After that, I had no dreams of any romantic sort for at least three nights.  I assumed that the one dream would confine itself to one dream and I went to bed expecting no surprises.  Oh cruel fate, how nothing goes to plan for this poor girl.

In my second dream, the two of us were in a flowery meadow and perched under an oak tree.  I was nuzzling Applejack’s neck and she was gently stroking my stomach.  Applejack then rose from her position and took off her stetson hat.  She gave a warm grin and said, “Here’s a little present for ya, marshmallow.” and she crowned me with her hat.  For some inexplicable reason, in my dream, I just became butter.  I flew up from my spot and charged toward Applejack in a furiously passionate kiss, the stetson hat flying off my head and getting lost in a sea of daisies.  If there’s anything I’m thankful for in life, it’s that Rainbow Dash does not know how to see into people’s dreams.  That mare would never let me hear the end of it if she knew what I was dreaming about.
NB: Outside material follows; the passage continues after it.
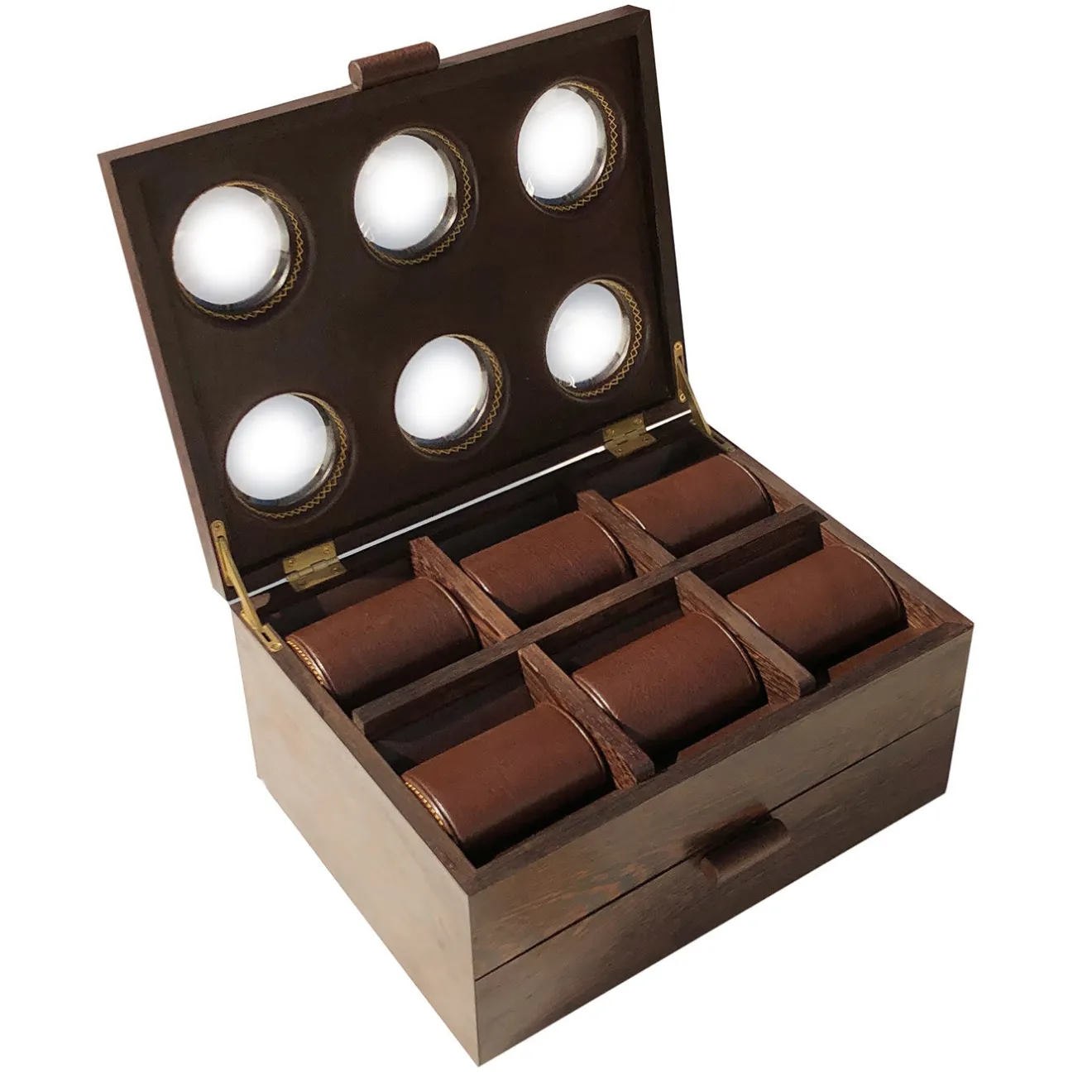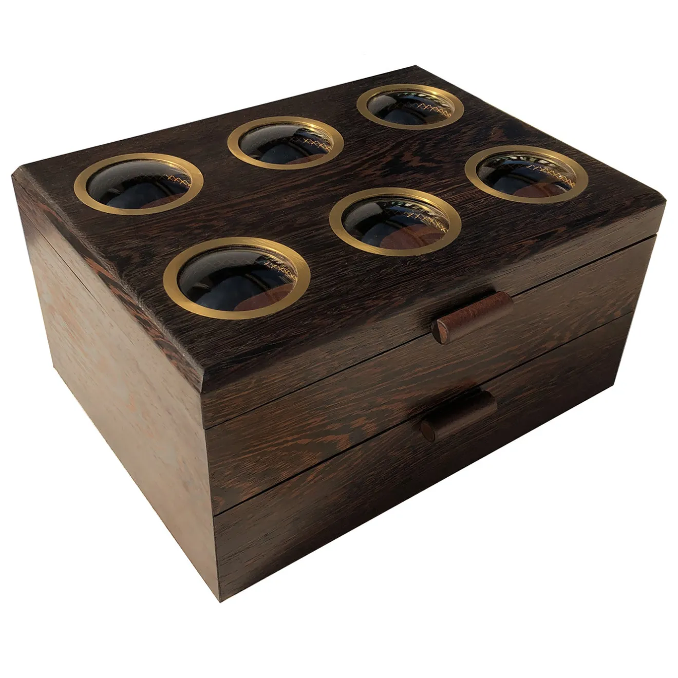 Realizzato in legno wengè con interni in pelle marrone, questo cofanetto non è solo un oggetto funzionale per proteggere gli orologi da collezione da graffi e danni, ma è anche un superbo pezzo decorativo su un comò della camera da letto o sulla scrivania dell’ufficio. Dal design semplice e classico, con un fascino elegante, questo cofanetto presenta un piano sollevabile con sei piccole finestre di vetro rotonde con un bordo rifinito in ottone. Progettato per contenere 12 orologi, il piano ha sei scomparti con cuscini in pelle, mentre il cassetto inferiore scorrevole presenta sei divisori orizzontali.

It only got worse.  Soon, the dreams would become more and more vivid, and the scenarios were becoming less of what you would call “fluff” and more akin to that of your so-called “clop”.  For example, in my fifth dream about Applejack, I was....constricted (if you will) to my bed.  She was looking at me with a predatory smirk and my legs were spread open with everything being exposed. I was panting heavily, having a good idea about what she had planned, and housing a mix of apprehension and excitement.  Applejack licked her lips and then, um -OH DEAR SWEET CELESTIA, WHAT AM I DOING???? HOOVES, STOP IT!!!!!!!

_____________________________________________

Due to certain carnal impulses that are beyond my control, I have decided to write the rest of this memoir with my quill taped to my hooves.  Note to all unicorn writers out there: when you write titillating tales using magic to write, always be mindful of your wandering hooves.

Anyway, after that final dream, it became obvious that I could no longer ignore whatever was occurring in my subconscious.  I needed advice from somepony who had years of experience in the psychological sciences and could accurately pinpoint what had caused my brain to wander into such devious domain.

However, that is really expensive.  So I just decided to talk to Pinkie Pie.